Beyond the Genome


This past July marked the 8th anniversary of the posting of the first draft of the dog genome sequence into free public databases for use by biomedical and veterinary researchers around the globe. On the occasion of this anniversary it is important to take stock of our progress and our future in canine health research. We are now in our third iteration of the canine genome, CanFam3.1, and much progress has been made by the Dog Genome Sequencing Consortium.

The genome refers to all DNA present in the cells of an organism and is the blueprint that determines the genetic makeup of an individual. Segments of DNA encode genes, which, when turned on, lead to transcription of RNA and ultimately synthesis of protein (Figure 1). Proteins help define cellular function and contribute to their roles in the tissues within a body. An excellent example of the power of the genome in canine health was the discovery of the mutation that causes Progressive retinal atrophy (PRA) in English Mastiff dogs. This disease is caused by a mutation in the RHO gene encoding Rhodopsin, a signaling protein in retinal cells. The end result of this mutation is the production of dysfunctional Rhodpsin protein that prevents the rods in the eye from responding to light properly, and ultimately leads to loss of vision.

Figure 1


Beyond sections of DNA that code for genes, there is a vast amount of DNA that does not code for any functional protein. In fact, the amount of DNA in the genome that actually encodes protein is approximately 1%, and for a long time the remaining 99% was considered ‘junk’ DNA. Recently there has been a shift in this thinking, and there is now a growing respect for non-coding DNA and the role it may play in repression or activation of gene expression.

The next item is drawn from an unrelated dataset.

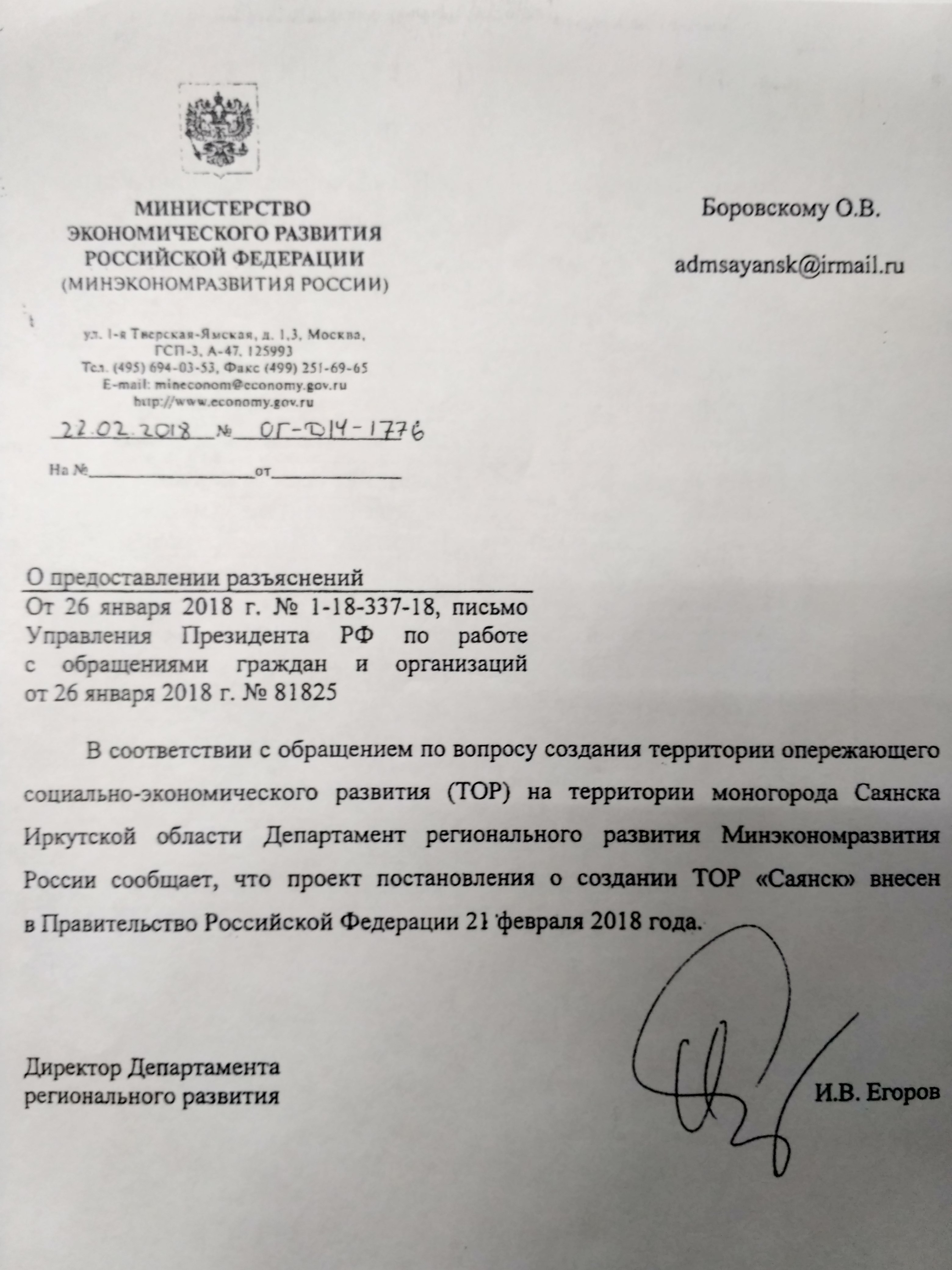 В адрес мэра города Саянска О.В.Боровского направлено письмо из Минэкономразвития РФ за подписью директора Департамента регионального развития И.В.Егорова, в котором говорится: «В соответствии с обращением по вопросу создания территории опережающего социально-экономического развития (ТОР) на территории моногорода Саянска Иркутской области Департамент регионального развития Минэкономразвития России сообщает, что проект постановления о создании ТОР «Саянск» внесен в Правительство Российской Федерации 21 февраля 2018 года.

Beyond the genome, much progress has been made in our understanding of the regulation of health and disease. One such example are the events downstream of the genetic blueprint: RNA and protein, which ultimately define a disease phenotype and are the endpoints where severity of disease is recognized. New techniques have been developed to perform rapid, large volume (also known as “high throughput”) analysis of RNA (the transcriptome). Unlike the genome, the transcriptome can vary with external environmental conditions and reflects the genes that are turned on at any given time. High throughput analysis of the proteome, the entire set of proteins expressed by a cell or tissue, has advanced understanding of protein expression and modification.  Because protein expression does not necessarily reflect protein activity, we must often dig deeper and evaluate the activation state of protein (the phosphoproteome).

Finally, the importance of defining the factors that regulate gene expression is growing as well.  One of the most rapidly growing fields is epigenetics, which is the study of the heritable changes in gene expression caused by mechanisms other than changes in the underlying DNA sequence. Epigenetic regulation explains how two identical genotypes can give rise to different phenotypes in response to the same environmental stimulus. There are four recognized epigenetic mechanisms by which gene expression is altered: modifications of histone proteins, DNA methylation, chromatin remodeling, and noncoding RNAs (microRNAs or miRNAs).  Aberrant DNA methylation has been identified in human and dog cancers and is found in two distinct forms, hypermethylation and hypomethylation, when compared to healthy cells.

Developing a greater understanding of all of these mechanisms of disease development in the dog is critical and will likely help solve some of our most complex health problems – not just in dogs, but in humans too.  The AKC Canine Health Foundation looks forward to supporting cutting edge research in these areas so that we can fulfill our mission to prevent, treat and cure canine disease.